Crónica: Bendita libertad…

“Quiero decirle a usted y a la ciudadanía que he aprendido la lección y que pido perdón por todos mis errores”.

Estas fueron las palabras que profesó ante un juez estatal de Georgia un inmigrante indocumentado justo antes de que le dictaran sentencia por sus fechorías.

“Me alegro de que durante este tiempo que ha estado encarcelado haya recapacitado. Por sus palabras y porque ha demostrado buen comportamiento en la cárcel le voy a dar la pena mínima que la ley manda para delitos como el que usted cometió: 35 años más de encierro”.

“Gracias, muchas gracias”, le respondió el imputado al magistrado.

¿Qué?, ¿estaba agradecido porque lo mandaron más de tres décadas a prisión?… Claro que sí y créanme, tenía razones de sobra para ello.

Richard Pineda Rumbo sabía que le esperaba cadena perpetua, por lo cual optó por aceptar el acuerdo con la Fiscalía del condado de Gwinnett de declararse culpable a cambio de una sentencia menor y de esta manera evitar un posible largo y costoso juicio.

Tras escuchar su condena, el joven mexicano agachó su cabeza y esperó a que los guardias de la Oficina del Alguacil de esa localidad lo tomaran nuevamente de sus brazos y lo sacaran de la sala para llevarlo al que será su nuevo hogar por muuuucho tiempo.

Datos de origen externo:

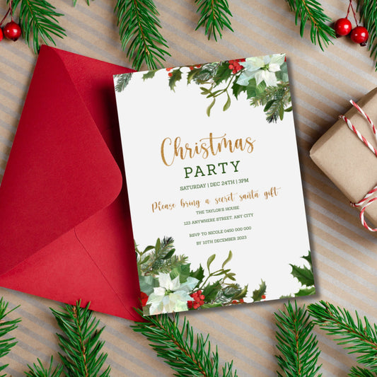 Editable Christmas party digital template, Downloadable mistletoe party invite, Minimalistic Christmas printable, Edit with TEMPLETT, XM011
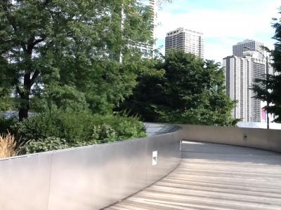 ミレニアムパークから行く場合、Jay Prizker Pavilionを通り過ぎて、ミシガン湖方向に向かうとあります。この歩道橋はクランパークとミレニアムパークを繋ぐ歩道橋だけではなく、ダウンタウンシカゴとミレニアムパークの景色を満喫することが出来ます。

Actualmente tiene 31 años, por lo cual, si todo sale bien volverá a ver la luz del sol a la edad de 66 años.

E inmediatamente, metieron a otro recluso Irving Arroyo Pérez, de 26 años. Su rostro se veía cansado, y tengo una idea de por qué.

Me han dicho muchos de los que han estado presos en la cárcel de Gwinnett que dormir ahí es un verdadero calvario.

Las luces nunca se apagan y que cada tres o cuatro horas los levantan a todos y hacen conteo para asegurarse de que nadie se haya escapado, como que si fuera tan fácil romper esas paredes de concreto sólido y escalar los enormes alambrados metálicos…

Arroyo Pérez se paró ante el juez y ambos hicieron contacto visual. ¿Cómo se ha sentido? Le preguntó el magistrado.

“Bien”, fue la escueta respuesta del joven, también de origen mexicano.

Al ver que era de pocas palabras el juez fue al grano: “por haber aceptado voluntariamente su culpabilidad lo voy a condenar a 25 años de prisión”.

Arroyo Pérez no se inmutó y al igual que su cómplice, esperó a que sus custodios lo sacaran del tribunal.